==== INFORMATION PROVIDED
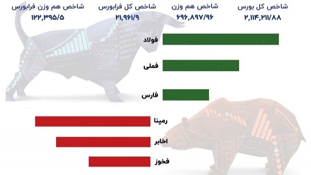 در جریان معاملات امروز بورس، شاخص کل بیش از 14 هزار واحد مثبت شد و در سطح 2 میلیون و 114 هزار واحدی جا خوش کرد. سه نماد شاخصساز فولاد، فملی و فارس به ترتیب با 3700، 2100 و 1390 واحد تاثیر مثبت، سمت و سوی شاخص را به سمت بالا هدایت کردند.
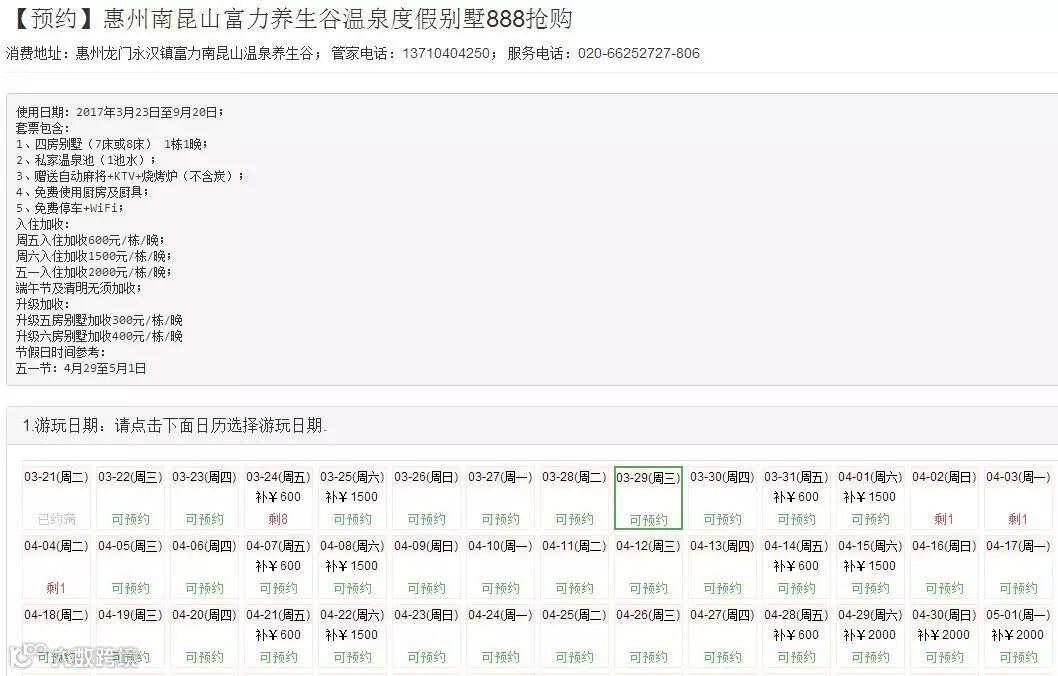 关于惠州南昆山富力养生谷温泉度假别墅888元套票抢购,
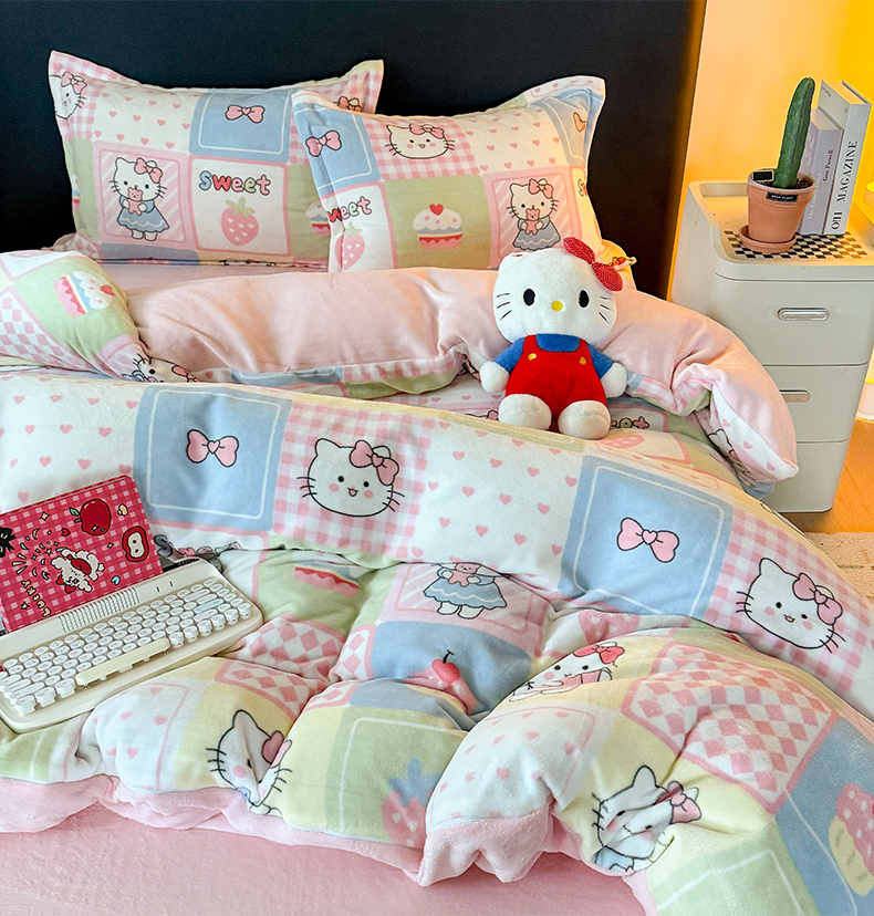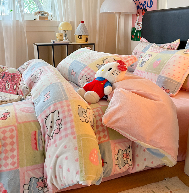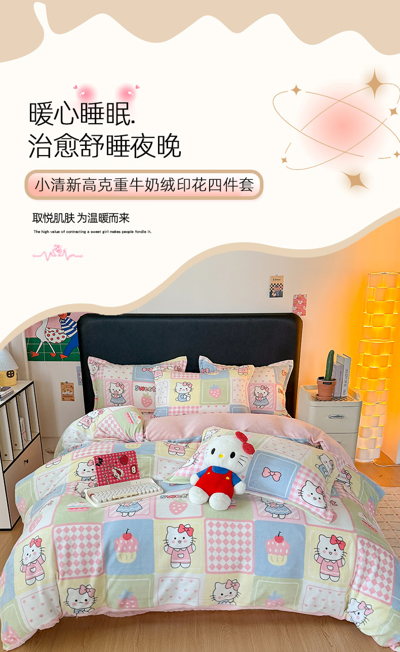 当前位置: 91家纺网 > 商品网购 > 床品套件 > 四件套 > 牛奶绒四件套 > 艾特你 2025新款小清新高克重牛奶绒印花四件套 格子猫咪
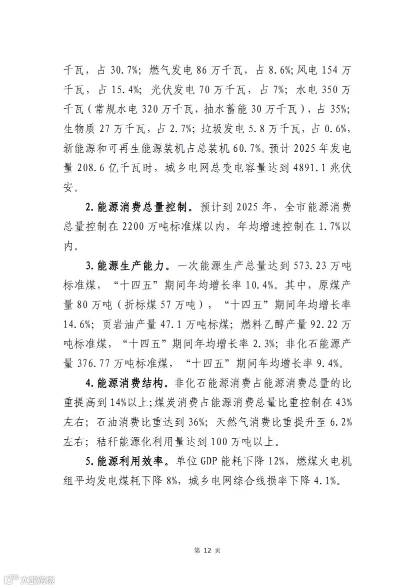 到2025年底,全市建成投产的发电总装机容量规模达到1000万千瓦左右。其中:风电154万千瓦;光伏发电70万千瓦;水电350万千瓦(常规水电320万千瓦,抽水蓄能30万千瓦)
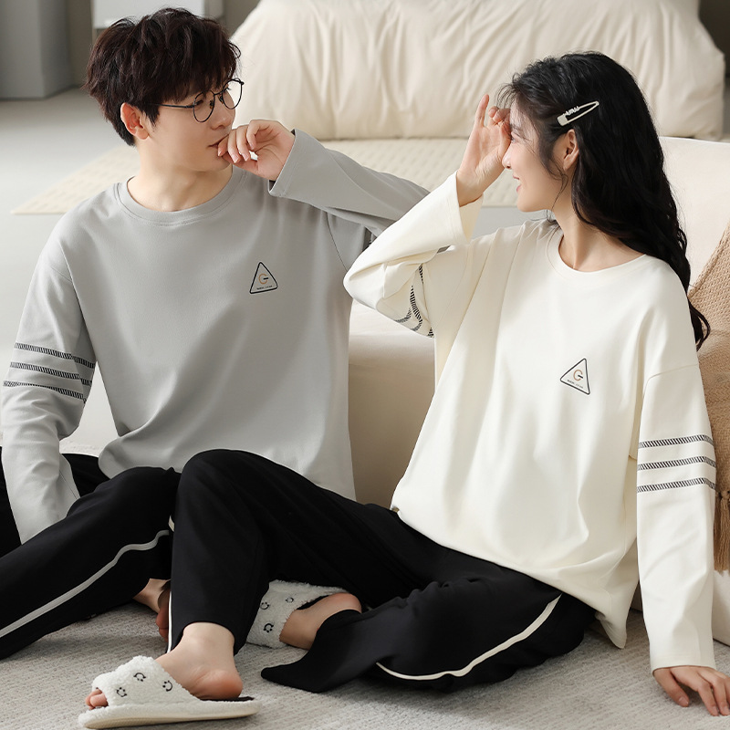 봄과 가을 코튼 커플 잠옷 남녀 풀오버 스포츠 레저 홈웨어 한국식 긴팔 투피스 세트
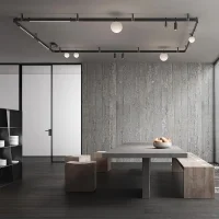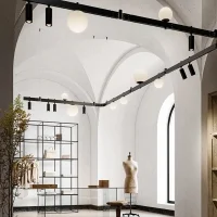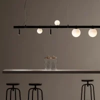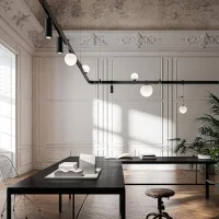 Stant Lineare, designed by Edmondo Testaguzza for Karman, is a refined suspension system designed for indoor lighting. Thanks to its minimalist aesthetics and clean lines, it blends harmoniously into different architectural contexts, offering versatile and high-performance lighting. The structure, made of matte black aluminum, houses white satin-finished glass spheres that diffuse a soft and uniform light, ideal for enhancing residential, retail, or hospitality environments. The system is equipped with high-efficiency LED modules with a color temperature of 3000 K, ensuring warm and welcoming lighting. Thanks to its modularity and the possibility of ceiling installation, Stant Lineare allows you to create customized compositions, adapting perfectly to different design and interior design needs.
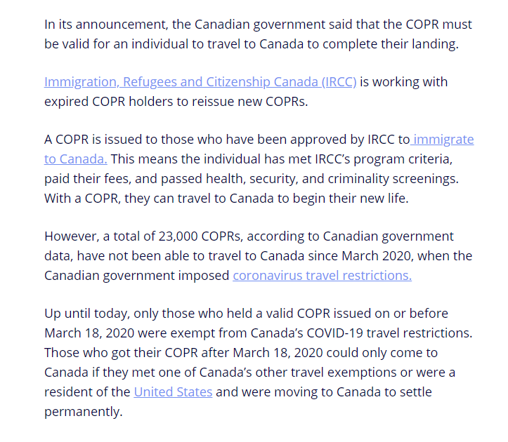 然而,由于疫情的影響,加拿大移民部發(fā)出去的有超過(guò)23000份COPR移民紙的持有者無(wú)法登陸加拿大。這個(gè)數(shù)字是加拿大政府統(tǒng)計(jì)的,由2020年3月份加拿大疫情進(jìn)入大流行,限制所有國(guó)際旅行的邊境政策實(shí)施開(kāi)始。
========
● **WHAT THE TASK ASKS**
A verbatim copy of every entry is wanted; the pictures stay out of it.

● **ANSWER SPACE**
 در جریان معاملات امروز بورس، شاخص کل بیش از 14 هزار واحد مثبت شد و در سطح 2 میلیون و 114 هزار واحدی جا خوش کرد. سه نماد شاخصساز فولاد، فملی و فارس به ترتیب با 3700، 2100 و 1390 واحد تاثیر مثبت، سمت و سوی شاخص را به سمت بالا هدایت کردند.
 关于惠州南昆山富力养生谷温泉度假别墅888元套票抢购,
 当前位置: 91家纺网 > 商品网购 > 床品套件 > 四件套 > 牛奶绒四件套 > 艾特你 2025新款小清新高克重牛奶绒印花四件套 格子猫咪
 到2025年底,全市建成投产的发电总装机容量规模达到1000万千瓦左右。其中:风电154万千瓦;光伏发电70万千瓦;水电350万千瓦(常规水电320万千瓦,抽水蓄能30万千瓦)
 봄과 가을 코튼 커플 잠옷 남녀 풀오버 스포츠 레저 홈웨어 한국식 긴팔 투피스 세트
 Stant Lineare, designed by Edmondo Testaguzza for Karman, is a refined suspension system designed for indoor lighting. Thanks to its minimalist aesthetics and clean lines, it blends harmoniously into different architectural contexts, offering versatile and high-performance lighting. The structure, made of matte black aluminum, houses white satin-finished glass spheres that diffuse a soft and uniform light, ideal for enhancing residential, retail, or hospitality environments. The system is equipped with high-efficiency LED modules with a color temperature of 3000 K, ensuring warm and welcoming lighting. Thanks to its modularity and the possibility of ceiling installation, Stant Lineare allows you to create customized compositions, adapting perfectly to different design and interior design needs.
 然而,由于疫情的影響,加拿大移民部發(fā)出去的有超過(guò)23000份COPR移民紙的持有者無(wú)法登陸加拿大。這個(gè)數(shù)字是加拿大政府統(tǒng)計(jì)的,由2020年3月份加拿大疫情進(jìn)入大流行,限制所有國(guó)際旅行的邊境政策實(shí)施開(kāi)始。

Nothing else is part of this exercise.